I tested various interactive possibilities before coming up with this story. It showcases Chinese food traditions and customs in the timeline of four main Chinese festivals in four seasons. For example, the sacred ancestor worshipping in spring, the rice dumplings wrapped with lotus leaves in summer, the mooncakes and family myth time in autumn, and the endless feast and new year’s fireworks in winter. These food practices will bring Chinese immigrants back to their childhood memories when watching the relatable scenes.
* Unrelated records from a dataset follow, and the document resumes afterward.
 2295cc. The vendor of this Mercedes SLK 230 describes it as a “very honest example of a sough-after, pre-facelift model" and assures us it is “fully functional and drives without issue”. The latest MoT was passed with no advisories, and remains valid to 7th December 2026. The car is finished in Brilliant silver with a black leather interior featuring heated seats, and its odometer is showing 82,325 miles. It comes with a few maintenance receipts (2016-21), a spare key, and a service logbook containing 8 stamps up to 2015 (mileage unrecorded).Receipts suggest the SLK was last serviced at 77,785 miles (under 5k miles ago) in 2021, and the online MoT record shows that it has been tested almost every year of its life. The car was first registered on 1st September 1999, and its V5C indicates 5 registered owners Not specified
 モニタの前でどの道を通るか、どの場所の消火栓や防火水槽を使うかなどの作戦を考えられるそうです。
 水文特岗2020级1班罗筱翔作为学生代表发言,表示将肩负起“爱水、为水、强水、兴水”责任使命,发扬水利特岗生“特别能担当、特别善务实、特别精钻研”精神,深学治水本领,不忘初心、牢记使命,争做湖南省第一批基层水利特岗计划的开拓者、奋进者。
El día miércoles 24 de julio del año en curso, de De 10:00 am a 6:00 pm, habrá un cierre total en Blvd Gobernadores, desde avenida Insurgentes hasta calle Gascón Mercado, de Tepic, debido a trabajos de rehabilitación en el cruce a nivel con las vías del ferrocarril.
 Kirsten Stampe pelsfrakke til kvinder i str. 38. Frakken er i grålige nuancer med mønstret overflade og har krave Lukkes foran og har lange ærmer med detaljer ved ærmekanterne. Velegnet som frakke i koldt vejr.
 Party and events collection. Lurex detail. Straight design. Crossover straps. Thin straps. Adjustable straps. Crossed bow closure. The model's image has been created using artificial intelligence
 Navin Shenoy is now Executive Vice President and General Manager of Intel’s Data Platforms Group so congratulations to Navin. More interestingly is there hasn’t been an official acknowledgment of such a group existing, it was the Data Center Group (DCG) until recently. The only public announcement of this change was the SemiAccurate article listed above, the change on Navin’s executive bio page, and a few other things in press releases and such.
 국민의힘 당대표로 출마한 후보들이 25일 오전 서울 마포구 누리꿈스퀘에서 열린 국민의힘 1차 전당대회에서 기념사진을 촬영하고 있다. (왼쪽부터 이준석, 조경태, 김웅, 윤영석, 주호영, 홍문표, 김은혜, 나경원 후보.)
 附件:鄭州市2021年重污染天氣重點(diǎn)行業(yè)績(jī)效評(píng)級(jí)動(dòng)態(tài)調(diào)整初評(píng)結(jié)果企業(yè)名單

Also, rooted in these flashbacks is the deep meaning and beliefs about how the Chinese connect with nature, with the deceased, and with the whole community.



Cherhern Chang – Can We Open It?


“Can we open it?” is a conceptual platform that addresses the lack of acknowledgement of the importance of mental health among young Asian adults in New Zealand. Utilising a website as a platform to facilitate anonymous voice messages as a way to encourage mental health self-awareness, connections with the community and prompting a starting point to build conversations about mental health in Asian households. The challenge was to mitigate the problem of navigating through how mental health can be acknowledged and comfortably talked about within the context of living in Asian households in New Zealand.

In New Zealand, mental health has always been an important topic within our community and recently a rise in conversation due to the significant impacts on our mental health with the changes of lifestyle because of COVID-19. Through conversations, interviews and surveys with young Asian adults like myself, a key insight noted a lack of conversation about mental health within our households and especially with our parents due to the generational gap and common miscommunications. Mental health in Asian culture is perceived quite differently compared to New Zealand as it is generally rarely talked about or even acknowledged due to cultural stigmas, stereotypes, traditional beliefs, myths and lack of education.